Place of publication: Warszawa
Year of publication: 2013
Number of pages: 481
The Polish Yearbook of International Law (PYIL) is a scientific journal published since 1966. The major focus of the Yearbook is on public and private international law as well as European law. Each volume of the PYIL also includes legal bibliography of Polish authors publishing in the above areas.
The new volume (XXXII) includes an article by Prof. Sadurski on the problem of democratic legitimacy in the European Union. This is followed by Prof. Kwiecień’s article which enquires into the issue of sovereignty of States in the context of the legitimacy of international law. The article by Prof. Fitzmaurice explores the legal and philosophical concepts underlying the foundations of international environmental law (e.g. principles of the common heritage). In a very personal article (which sometimes sounds like real manifesto for environmental sustainability), Prof. Vieira discusses changes in system of global governance necessary to cope with the challenges connected with climate change. Prof. Wyrozumska analyses the practice of Polish courts with respect to attachment and debt enforcement from an embassy’s bank account. Other texts include an article on the rules of international law applicable to the sovereign debt crisis (by Prof. de Jonge); analysis of the recent ICC Lubanga Reparations Decision (Prof. Swart); assessment of the legality of overseas use of drones under the framework of European Convention of Human Rights (Drs. Bodnar and Pacho), and an article on the ICC’s practice with regard to arrest warrants (Dłubak).

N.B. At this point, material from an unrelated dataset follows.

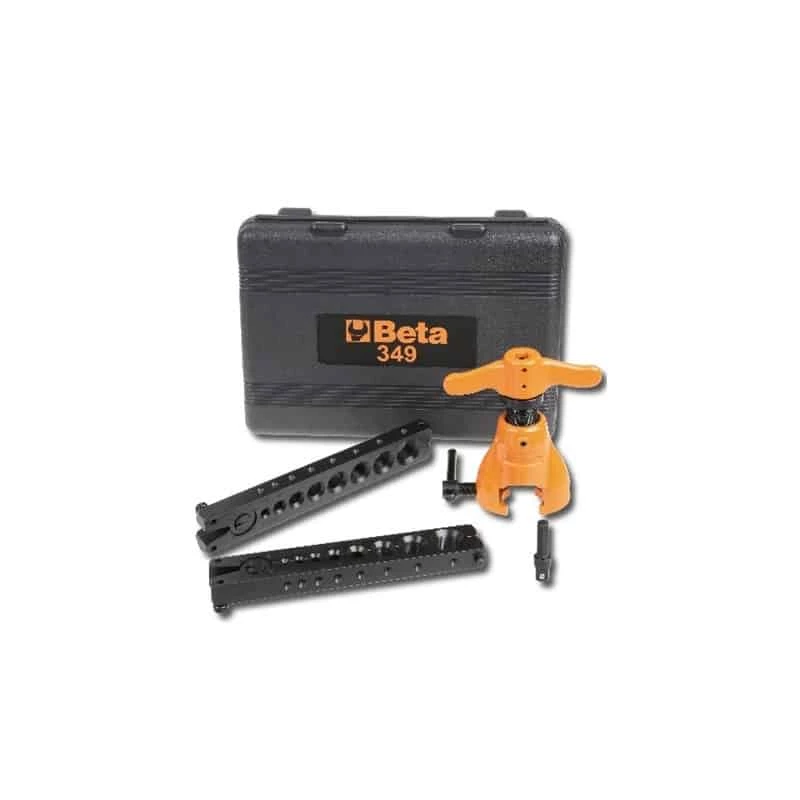 Appareil à collets réglable pour cuivre et alliages légers livré dans son coffret plastique. Glissière métrique et en pouces. Carré 3/8 et adaptateur pour utilisation avec perceuse visseuse.

The new volume also includes a series of articles presented at the conference “Limits of the Security Council Powers„, which was organized in Warsaw in January 2013 by ILA Poland in cooperation with the Institute of Law Studies. Prof. Arcari looks at the question of limits of Security Council powers as a problem of UN Charter interpretation; Prof. Fernandez Sola analyses the role of the European Union in the UN system (as a form of enforcement agency), and Prof. Richter inquires into the problem of judicial review of Security Council decisions. Two other contributions discuss the applicability to the Security Council of rules on the responsibility and accountability of international organizations (Prof. Sturma) and the obligations of the Security Council with respect to war crimes and genocide (Prof. Zimmermann).